The protective effect of boric acid against liver damage was evaluated by its attenuation of carbon tetrachloride (CCl(4))-induced hepatotoxicity in mice. Male albino mice were treated intraperitoneally (i.p.) with boric acid (50, 100, and 200 mg/kg) or silymarin daily for 7 days and received 0.2% CCl(4) in olive oil (10 mL/kg, i.p.) on day 7. Results showed that administration of boric acid significantly reduced the elevation in serum levels of aspartate aminotransferase, alkaline phosphatase, alanine aminotransferase, and the level of malondialdehyde in the liver that were induced by CCl(4) in mice. Boric acid treatment significantly increased glutathione content, as well as the activities of superoxide dismutase and catalase in the liver. Boric acid treatment improved the catalytic activity of cytochrome P450 2E1 and maintained activation of nuclear factor kappa light-chain enhancer of activated B cell gene expression, with no effect on inducible nitric oxide synthase gene expression in the livers of mice. Histopathologically, clear decreases in the severity of CCl(4)-induced lesions were observed, particularly at high boric acid concentrations. Results suggest that boric acid exhibits potent hepatoprotective effects on CCl(4)-induced liver damage in mice, likely the result of both the increase in antioxidant-defense system activity and the inhibition of lipid peroxidation.     

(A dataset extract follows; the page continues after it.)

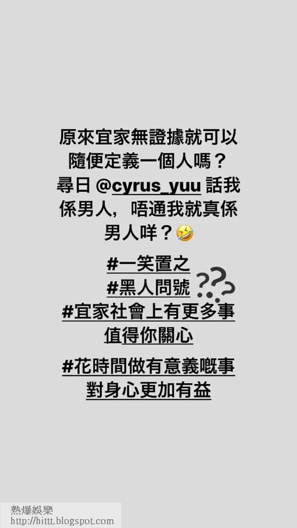 陳嘉倩對於「指控」,凌晨喺社交網間接回應話:「原來依家冇證據就可以隨便定義一個人嗎?尋日余浩宗(前無綫電視新聞主播)話我係男人,唔通我就真係男人咩?」佢又Tag住「一笑置之」、「依家社會上有更多事值得你關心」、「花時間做有意義嘅事對身心更有益」!

Protective effect of Platycodi radix on carbon tetrachloride-induced hepatotoxicity.

The protective effects of a Platycodi radix (Changkil: CK), the root of Platycodon grandiflorum A. DC (Campanulaceae) on carbon tetrachloride (CC14)-induced hepatotoxicity and the possible mechanisms involved in this protection were investigated in mice. Pretreatment with CK prior to the administration of CC14 significantly prevented the increased serum enzymatic activities of alanine and aspartate aminotransferase in a dose-dependent manner. In addition, pretreatment with CK also significantly prevented the elevation of hepatic malondialdehyde formation and the depletion of reduced glutathione content in the liver of CC14-intoxicated mice. However, hepatic reduced glutathione levels and glutathione S-transferase activities were not affected by treatment with CK alone. CC14-induced hepatotoxicity was also essentially prevented, as indicated by a liver histopathologic study. The effects of CK on the cytochrome P450 (P450) 2E1, the major isozyme involved in CC14 bioactivation were also investigated. Treatment of mice with CK resulted in a significant decrease of P450 2E1-dependent p-nitrophenol and aniline hydroxylation in a dose-dependent manner. CK showed antioxidant effects in FeCl2-ascorbate-induced lipid peroxidation in mice liver homogenate and in superoxide radical scavenging activity. Our results suggest that the protective effects of CK against CC14-induced hepatotoxicity possibly involve mechanisms related to its ability to block P450-mediated CC14 bioactivation and free radical scavenging effects.